自虐的劇場〜瑞佳の場合2 投稿者: OVER−Q
 瑞佳「私だってちゃんと歌えるもん」
 瑞佳を「童謡しか歌えない」と、レパートリーの低さをバカにしたのがまずかったのか、瑞佳のおかげで住井達まで誘ってカラオケボックスに繰り出すハメになってしまった。
 悠矢「ホントかよって、住井、お前つめろよ。狭いって」
 瑞佳「悠矢に貸してもらった曲、一生懸命覚えたんだよ」
 住井「さすが長森さん。いやーっ。
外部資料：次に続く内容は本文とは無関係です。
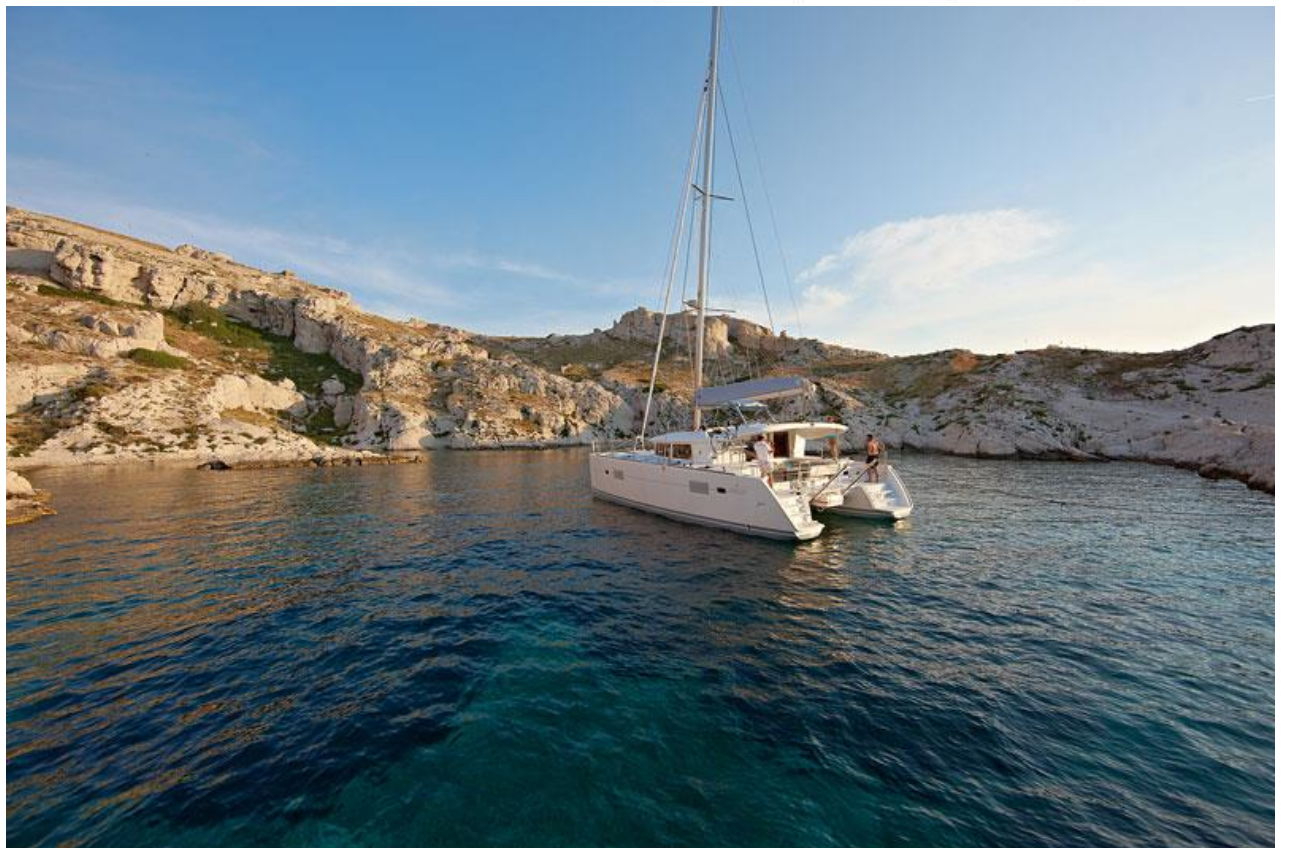
Lagoon 400 - Marseille juin 2009

楽しみだなぁ。無茶言うなよ」
 悠矢「一緒に赤トンボ唱うのか?」
 住井「バカ。あれはあれでいいんだよ。童心に帰るっていうの、あれ、大事だぞ?」
 悠矢「お前は年中無休で童心だろう」
 俺達のことなんかお構いなしで瑞佳のリクエストした曲のイントロが始まった。
 
 瑞佳「かわいい顔してあの子、わりと独善者ねと言われ続けたあの頃、生きるのが辛かった♪」
 
 住井「…これ、お前が創ったパロだろ?例のあのアニメの」
 悠矢「あれ、マトモに唱う奴がいるとは思わなかった」
 俺と住井は呆然として聴くしかなかったが、
 
 七瀬「うまいうまい!」
 みさき「ホント。上手よ」
 茜「たいしたものです」

 と、女性陣には大好評らしい。

 瑞佳も、まんざらではない。という顔で照れている。
 俺達も、七瀬以外、みんな聞き役に徹してしまう。こと、茜はその最たるもので、
 
 茜「嫌です」
 
 の一言を突破できる者はいなかった。
 自然、男共を除けば、瑞佳がマイクを握ることが多くなる。
 そこで気付いたのは、瑞佳が童謡からアニソンへと進歩したということ、そしてもう一つ、その歌をある意味で実にリアルに歌えるということだ。
 だから、
 
 医者「何か、強烈なショックを受けたようです」
 髭 「はあ。ショック…ですか」
 医者「まぁ。二三日もすれば、全員回復するでしょう」
 髭「だが、茜君、なぜ君だけ大丈夫だったんだ?」
 茜「…私には、これがありますから」
 茜はじっと髭を見つめると、一言
 
 茜「嫌です」
 
 翌日、茜の「絶対拒否障壁」の犠牲として散華した髭の葬式がたったというが、俺達は幸か不幸か参加できなかった。
 
 瑞佳「失礼だよ。人が一生懸命、気持ちよく唱ってるのに、気絶するんだもん」
 あの時、カラオケボックスにいた客全員が病院にかつぎ込まれるという珍事は、新聞にも載ったから記憶に新しいと思う。
 俺も七瀬も、みさき先輩も、みんな病院送り。瑞佳と茜は、何故か無事だった。
 
 悠矢「住井は?」
 瑞佳「住井君が一番失礼だもん。発狂して精神病院送りだもん」
 悠矢「…無理もない」
 …だめだ。まだ耳そこで響くあの瑞佳のなりきりの一曲。
 あの地獄のボックスから生きて生還できただけでもメッケモンとしよう。
 俺はそう思い、病院のベットに横たわったまま、目を閉じた。
 暗闇の中、耳の奥から聞こえてくる一曲。
 それは、調子に乗りすぎた瑞佳が役になりきって唱った曲
 
 瑞佳「俺はジャイ○ン、ガキ大将♪」
 

 あとがきという名のお詫び
 またもやオチのない…というか、バカげたものを書いてしまいました。でも、瑞佳とか、この作品のキャラって、声優は誰がしっくり来るかな。とかって、考えたことありません?僕は声優って、あくまり知らないんですけど。